My new latest phrase that I save specially for me and my husband is that we're in this parenting lark for the long haul.

Every day we have decisions to make about how we bring up our children. Some are small and seemingly inconsequential, others are bigger and the value of them is apparent. I do strongly believe that I need to carefully pick my battles. Endlessly picking at children will just result in them feeling got at, hassled, resentful and ultimately erode their natural in built confidence.

It's ok to 'let it slide' every now and then on the small stuff; the decision does need to be made about what we consider to be the 'slidable' small stuff. I can't say what that might be for anyone else, but for us, the 'small stuff' includes things like shoes still on feet on the new sofa for example.... but for some people that might be a deal breaker.
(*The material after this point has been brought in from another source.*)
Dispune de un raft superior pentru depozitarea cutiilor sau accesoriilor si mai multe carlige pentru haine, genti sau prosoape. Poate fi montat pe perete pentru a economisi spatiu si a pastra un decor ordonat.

But for us, some small stuff is the important stuff. The pleases, thank-yous, sorrys, basic manners, the social skills that will carry them through and help them to get the most out of their interactions with other people.

It's such a balance though and we are finding that the vast majority of the challenge is consistency. Sometimes is just so tiring and all I really want to do is go and read a book in the garden and leave them to it (hubby included!) but I try to keep my 'eye on the prize'.
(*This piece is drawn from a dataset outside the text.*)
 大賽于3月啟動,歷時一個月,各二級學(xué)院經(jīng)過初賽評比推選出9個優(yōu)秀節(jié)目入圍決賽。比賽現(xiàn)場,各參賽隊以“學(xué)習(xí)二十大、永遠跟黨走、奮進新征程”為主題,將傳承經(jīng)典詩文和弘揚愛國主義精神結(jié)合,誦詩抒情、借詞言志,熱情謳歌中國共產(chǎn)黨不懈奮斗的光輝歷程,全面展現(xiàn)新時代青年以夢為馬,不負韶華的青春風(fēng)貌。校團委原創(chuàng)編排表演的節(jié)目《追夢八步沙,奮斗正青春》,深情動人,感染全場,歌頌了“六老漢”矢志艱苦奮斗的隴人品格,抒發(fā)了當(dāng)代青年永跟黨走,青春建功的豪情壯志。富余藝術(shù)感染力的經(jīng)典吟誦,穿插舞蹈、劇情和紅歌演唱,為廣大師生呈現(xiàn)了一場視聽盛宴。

Children who are a pleasure to be around, who are confident in any given situation that people will respond well to them because good manners helps to bring out the best in others.

So what provoked this post? This afternoon, we decided to do cinema night at home after dinner. We often do it, choose a film together from the library, make popcorn, snuggle under our duvets on the sofas and watch the film. The kids sometimes fall asleep and we carry them to bed. They love cinema night, its a real treat.

Well everything was going fine, until dinnertime. My eldest started playing up. Getting up and down from the table for no reason, running around, throwing his food onto his brothers plate, pushing his chair around the room. I asked him to sit up nicely and finish his meal... the quicker he finishes obviously, the quicker we can get on with cinema night, he was clearly excited about it. And he didn't get back up, I asked again, he comes back to the table and is shuffling around, picking at his brother. I lost track of how many times I asked him to come sit nicely and finish his food. Finally I brought out the big guns. Do as I've asked or cinema night doesn't happen... "yes it will".... uh... no, it won't, come sit up please.

And round and round we go. Me not quite believing that he is behaving so badly when his treat is in danger of being pulled, and him simply not believing me.

So we have it, one last chance. I asked him to sit up or thats it, no cinema night tonight. He pushes his chair away even more... me: "now please"... him... "no". Me... "ok, no cinema night".

Him, cue hysterics.

Me, not budging.

Him, yelling, crying, shouting.

Me, resolved now.

Him, now in bed.

Me, hoping that tomorrow when we attempt cinema night again, he'll remember that there are consequences to behaviour and we can finally get round to watching Toy Story 3!

I genuinely do not expect him to be an angel all the time, but if I had caved then what does that teach him except that if he screams and yells at me enough then he gets what he wants.

It would have been easier to stick the film on once he'd said sorry, which he did say repeatedly, but we're in this for the long haul, for his benefit, not just our short term peace and quiet at parents.

I did obviously make my peace with him before bedtime, sitting down and having a cuddle and a chat about it. He agreed that his behaviour resulted in his losing a treat that he wanted and that he would try to remember that tomorrow. I explained that I wanted to treat him but he needs to sit nicely at dinnertime so that we can enjoy the time together as a family.

What a palava. Disney Pixar have a lot to answer for!